Há onze anos decidi alterar o rumo à minha vida profissional, não foi uma mudança radical, mas implicou a mudança de estabelecimento escolar. Deixei de estar num sistema “convencional” e passei a lecionar numa escola inserida num contexto hospitalar.
Os primeiros quinze dias foram muito duros. Todos os dias chorei, pensei que aquele tinha sido o maior erro e que não iria aguentar a pressão. Sempre o medo instalado de não conseguir obedecer ao currículo imposto pela tutela. O medo de não cumprir a planificação e acima de tudo não conseguir atingir objetivos. O problema é que a população discente não me permitia seguir esta formalidade. Não me permitia alcançar resultados mensuráveis. O tempo passou, cresci, amadureci, adaptei-me a uma realidade dura e que se vislumbrava e vislumbra diferente dia após dia.
Desde que sou gente que sonhei ser Professora. Permitam-me que utilize o “P” maiúsculo. Só quem sente esta profissão sabe que um professor só é Professor se o for com “P” maiúsculo. Eu quero ser Professora! Tenho em mim que me esforço por assim ser. Professora!
Sou humana, falho. Há dias em que vou trabalhar cansada, sem vontade e que me apetece tudo menos entrar naquele velho edifício, obsoleto e fétido. Normalmente nunca vou no elevador, opto por subir as escadas, mas também há alturas em que as pernas pesam e apetece-me fugir. Nunca sei o que me espera… Aprendi: “Um dia de cada vez”, a vida ensinou-me que é assim. É assim na minha vida profissional e pessoal. Continuando, subo as escadas e tiro a chave para abrir a porta. Entro na sala. É assim há onze anos. A sala cheira a escola. Como adoro o cheiro da escola. A escola para ser escola, tem de ter alunos! Uma escola em período de férias letivas não tem cheiro, não tem alegria. Faltam os seus protagonistas. Faltam as crianças, faltam aqueles olhos brilhantes e ávidos por aprenderem.

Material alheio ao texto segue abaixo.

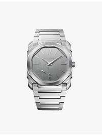 PRODUCT DETAILS - Bvlgari stainless-steel automatic watch - 100% stainless steel - Style number: BGO40C14PSSXTAUTO - Clasp fastening - Mechanical movement, automatic winding, platinum micro-rotor, hours, minutes and small seconds, extra-thin satin-polished stainless steel case, transparent caseback, polished stainless steel screw-down crown set with ceramic inlay, silvered brushed dial, brushed stainless steel bracelet with polished parts - Case diameter: 40mm - Wipe with a clean, dry cloth - Water resistance: 10 bar / 10 atm / 100m / 330ft - Made in Switzerland - Two-year manufacturer's warranty - Bvlgari prides itself on providing excellent customer service. This includes contacting customers to offer after-sales care and share details about its brand and products. As such, when you order a Bvlgari product from us, your details will be passed onto Bvlgari so that it can provide these services to you. - To learn more about this product or for expert styling services, get in touch with our Personal Shopping team Ref: R04208023
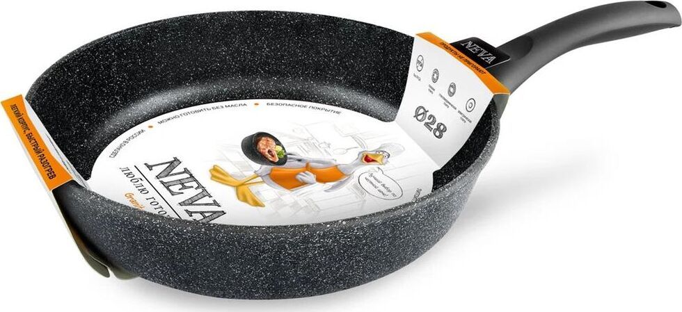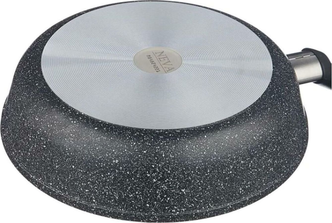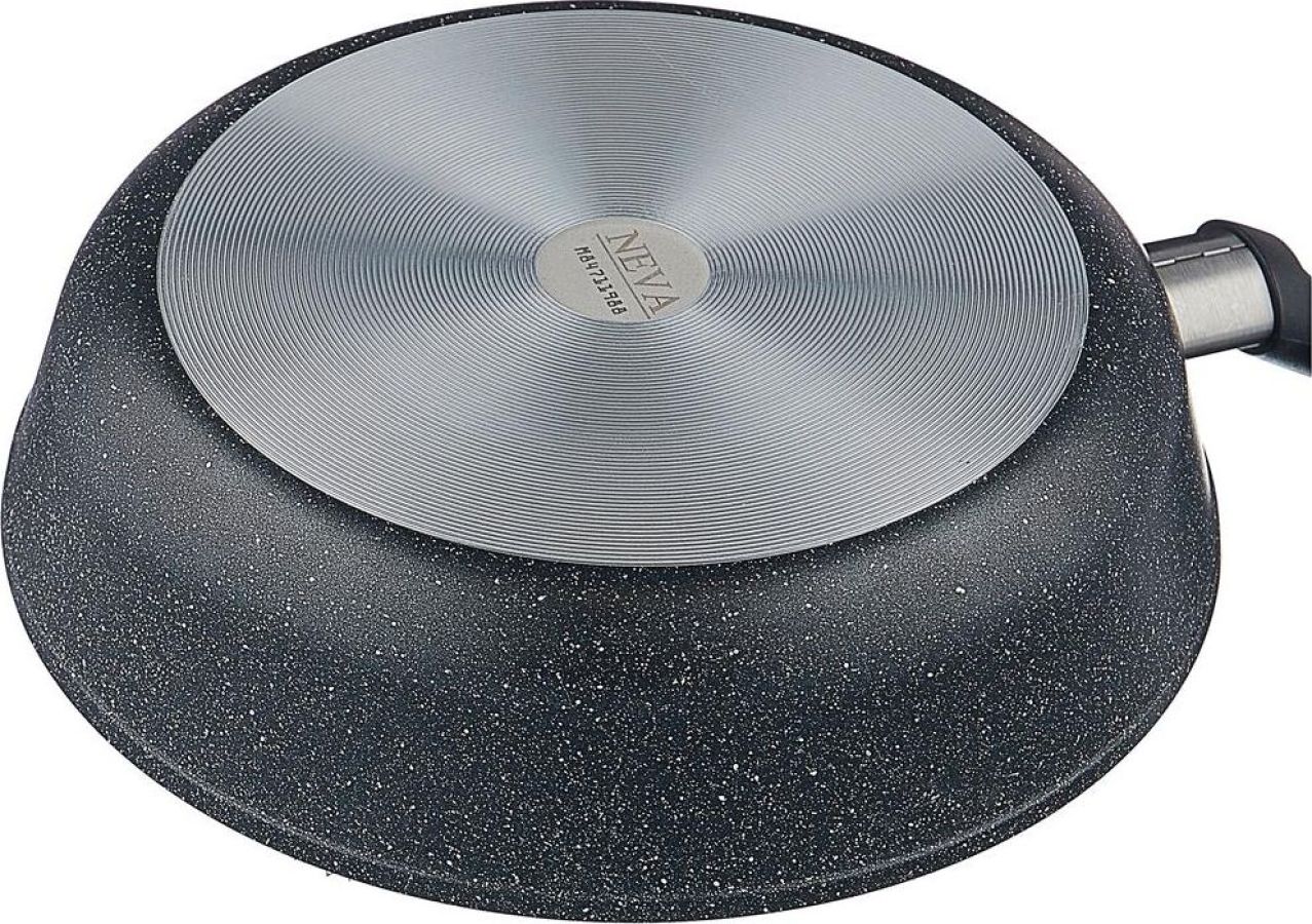 Благодаря толстому дну пища прогревается наиболее равномерно. У вас не будет ситуаций, как с тонким дном, когда при жарке большого куска мяса поверхность куска уже подгорает, а внутри мясо еще сырое. Утолщенное дно является фильтром от больших и резких поступлений тепла, медленно аккумулирует его и равномерно передает в пищу. При производстве сковород Neva используются антипригарные покрытия на водной основе. Материал алюминий Антипригарное покрытие антипригарное на водной основе Совместимость с индукционными плитами нет Особенности мытье в посудомоечной машине Размеры Толщина дна 4 мм Толщина стенок 2.9 мм Вес 1.08 кг

A minha escola é diferente. Uma única sala. Tudo muda quando entro na sala, tudo muda quando vou às enfermarias e contacto com as crianças. Tudo muda quando elas não podem vir à sala (escola) e sou eu que vou às enfermarias onde elas se encontram em isolamento, confinadas a um quarto e a uma cama. Tudo muda quando procuro dar um novo sentido aos que, embora crianças, a vida se lembrou de lhes pregar uma partida! Pregou uma partida a eles e às famílias que tantas vezes se encontram perdidas à procura da normalidade que lhes fugiu sem darem por isso. Tudo muda. O meu cansaço vai embora, as pernas ficam leves, já não me apetece fugir. Sei que tenho de estar ali! Sei que aquela foi a minha escolha e que a minha escolha foi acertada. Sei que os meus alunos dificilmente me vão permitir cumprir as planificações, alcançar objetivos. Mas sei que os meus alunos me permitem ser Professora e ser Professora no hospital significa ensinar e aprender. Diria que aprender mais do que ensinar. Aprender a amar, aprender a rir, aprender a chorar, aprender a ser mais Pessoa. Aprender a ser mais Professora.
Vivi nos últimos 4 meses momentos únicos. Acredito que ensinei, mas também aprendi. Acredito que não atingi objectivos mensuráveis, mas não estou preocupada com isso.
Acredito que cresci, acredito que a esperança aquece a alma e o coração. Acredito que a vida é muito injusta. Acredito que ao mesmo tempo que ensino Português, Matemática… também posso pegar no garfo e ajudar a comer! Aprendi, mais uma vez, que as crianças são aqueles que mais nos ensinam.
Finalmente, aprendi que o melhor de ser Professora é sentir uns braços magros, num corpo frágil, marcado pela doença, que me enlaçam e me enchem de carinho. Aprendi que mesmo no meio do sofrimento há sempre espaço para a ternura, para o amor! No meio do sofrimento há quem tenha força para chorar e dizer: “Professora, vou ter muitas saudades tuas! Professora como vou ficar sem ti?” Sou uma privilegiada. Agradeço a Deus a oportunidade que me dá todos os dias. Ser Professora. Obrigada.